François Bayrou, Premier ministre français, vient de nous offrir une nouvelle perle de la diplomatie franco-algérienne : selon lui, l’Algérie mènerait un combat acharné contre la langue française. Voilà une affirmation qui, si elle n’était pas aussi grotesque, prêterait presque à sourire.

Car enfin, Monsieur le Premier ministre, comment peut-on oser avancer pareille ineptie quand on sait que l’Algérie respire en français, débat en français, signe ses accords en français et continue de produire une littérature francophone d’une richesse inégalée ? Un combat contre le français, dites-vous ? Drôle de guerre alors, menée dans les couloirs des administrations, dans les entreprises et jusque dans les conversations du quotidien.

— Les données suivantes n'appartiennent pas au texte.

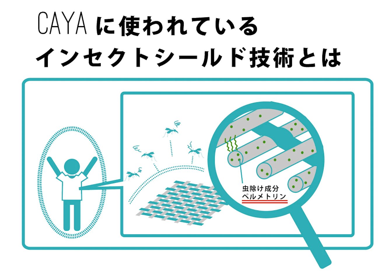 「そんな悩みが解消される、おしゃれなキッズウエアがあれば最高なのにと思っていたときに、画期的な『ディート不使用』の『インセクトシールド加工』の存在を知りました。インセクトシールド社へ想いを伝えたところ取り組みが実現し、2016年より『CAYA』ブランドがスタートしたのです」
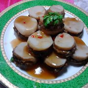 杏鲍菇、猪肉馅、葱、姜、淀粉、盐、鸡精、蚝油、酱油、五香粉。
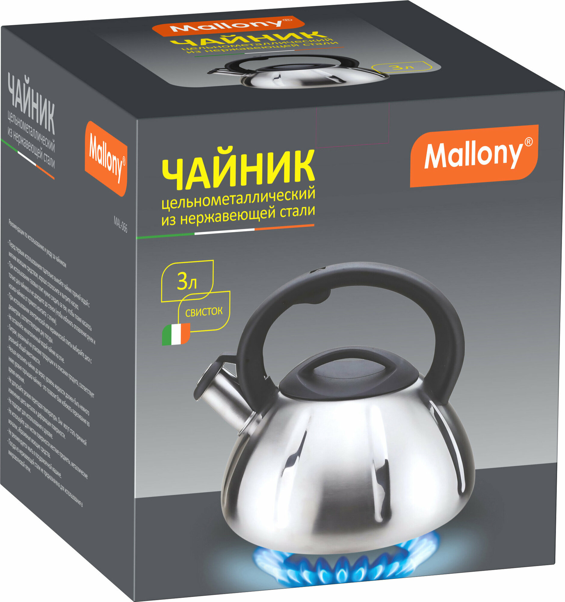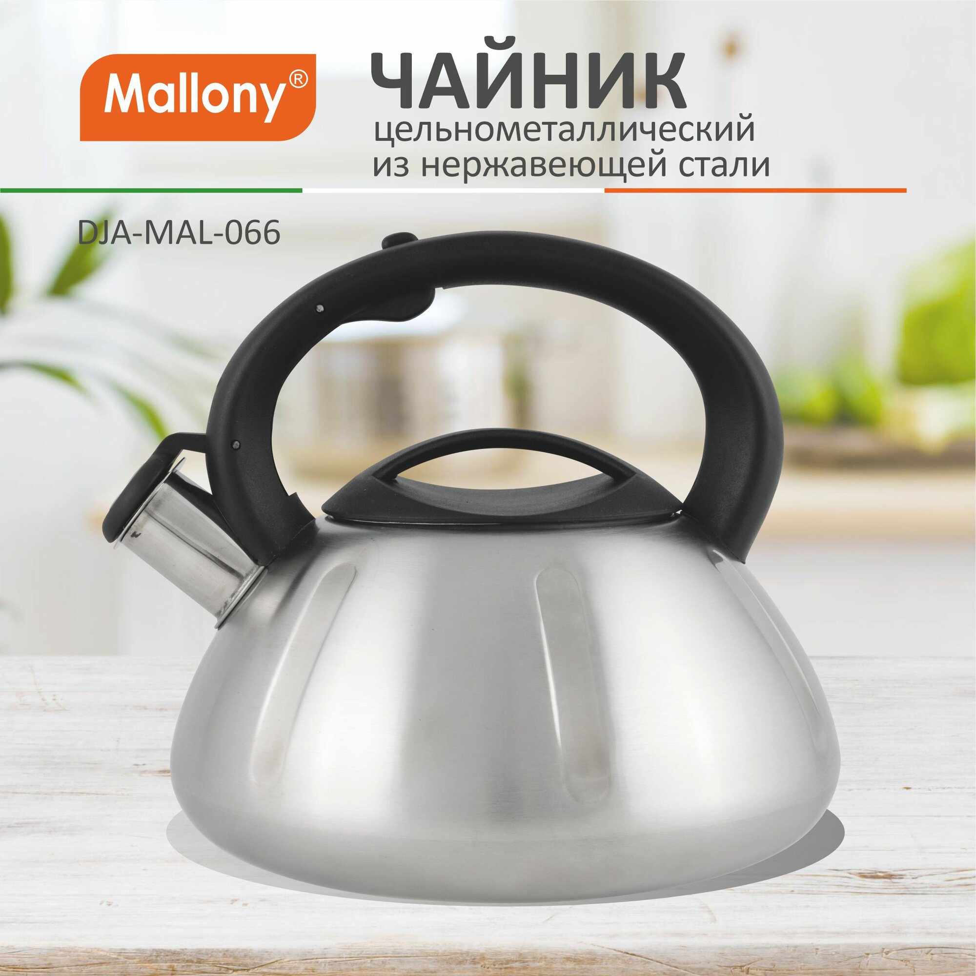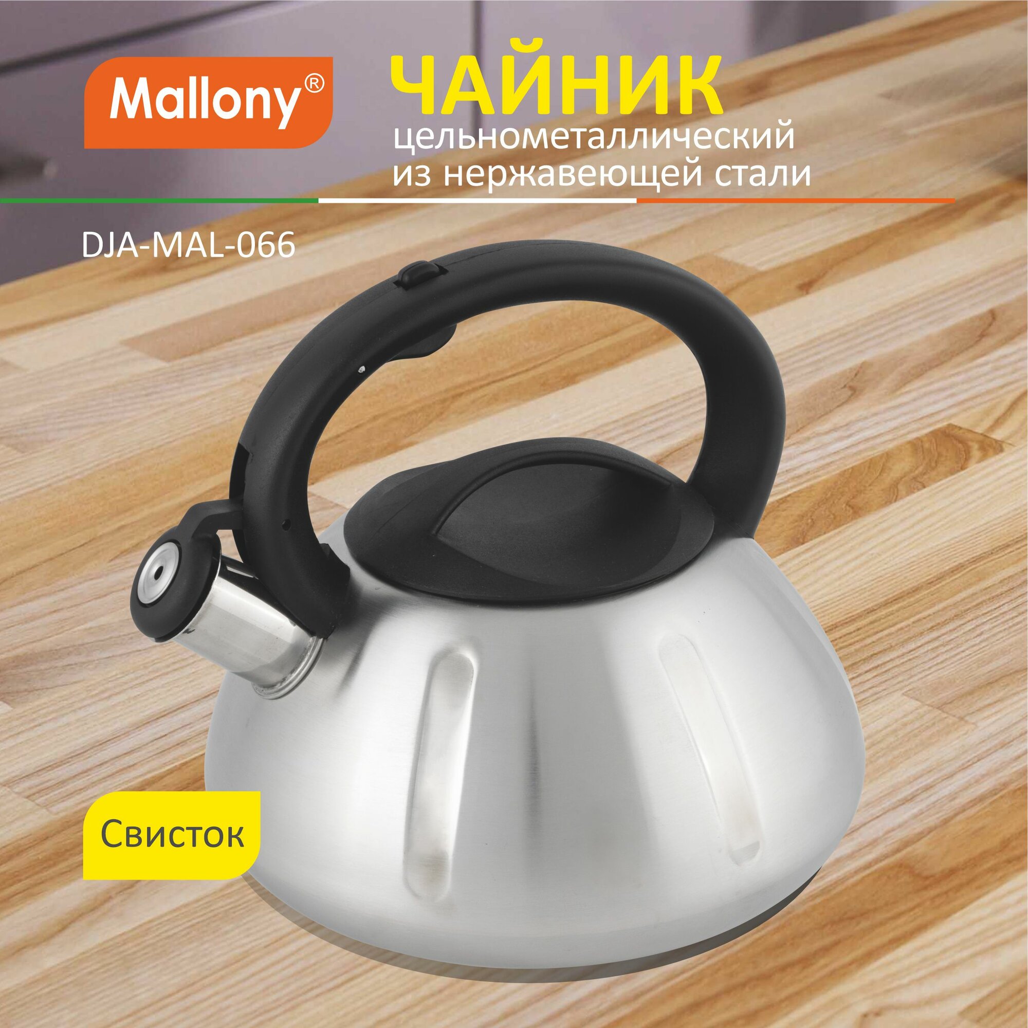 Чайник со свистком Mallony MAL-066, 3.0л, нержавеющая сталь матовый (цельнометаллический, ручка пластик) (910086)
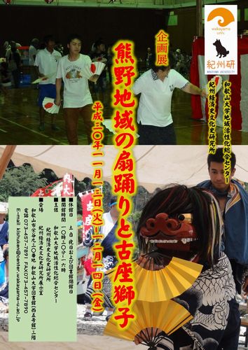 紀州経済史文化史研究所展示室にて開催中の企画展「熊野地域の扇踊りと古座獅子」は、12月14日(金)が最終日となります。
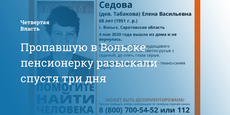 В Вольске Саратовской области найдена живой пропавшая без вести 68-летняя Елена Седова (Табакова). Об этом сообщили волонтеры поискового отряда «Лиза Алерт».
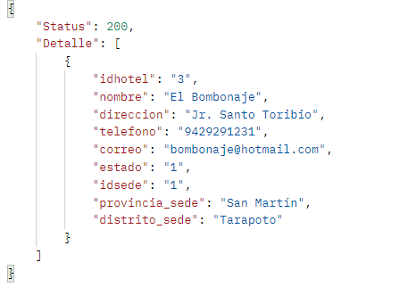 El resultado de la consulta de un hotel en particular debería ser como se muestra en la siguiente imagen:
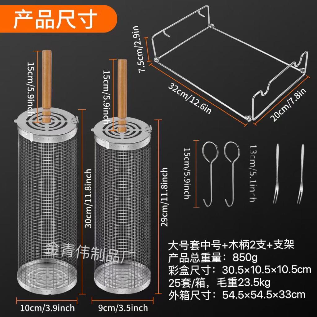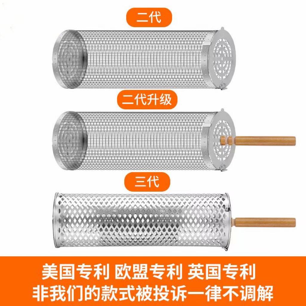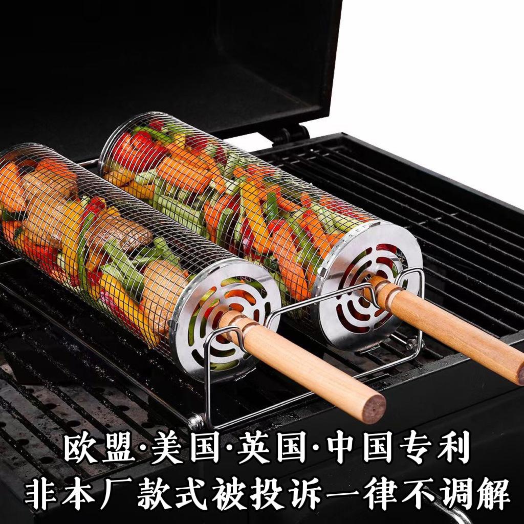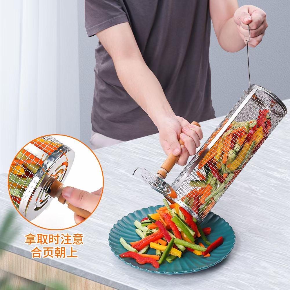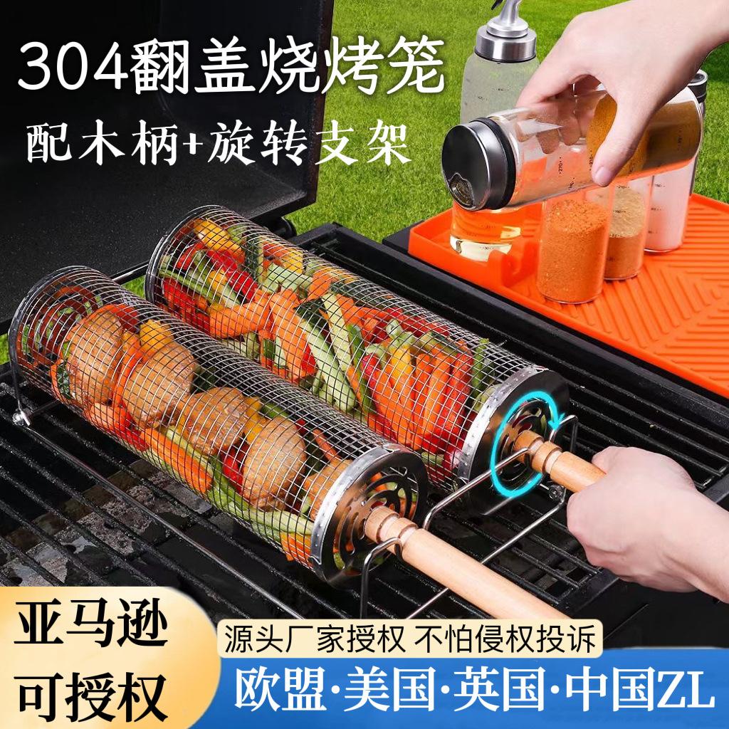 Jaula rodante para barbacoa transfronteriza, cesta para barbacoa BBQ de acero inoxidable 304 con mango de madera, barril giratorio para barbacoa, Amazon no infractor

Une Histoire écrite en français… malgré ellePermettez-moi un petit retour en arrière. Dans les années 1950, l’Algérien « indigène », comme on aimait l’appeler dans la République une et indivisible, savait dessiner la carte de la France les yeux fermés. Il récitait par cœur les fleuves hexagonaux et l’histoire de Clovis pour décrocher un diplôme qui, au final, le destinait aux travaux manuels. L’élitisme républicain s’arrêtait aux frontières de la Méditerranée. 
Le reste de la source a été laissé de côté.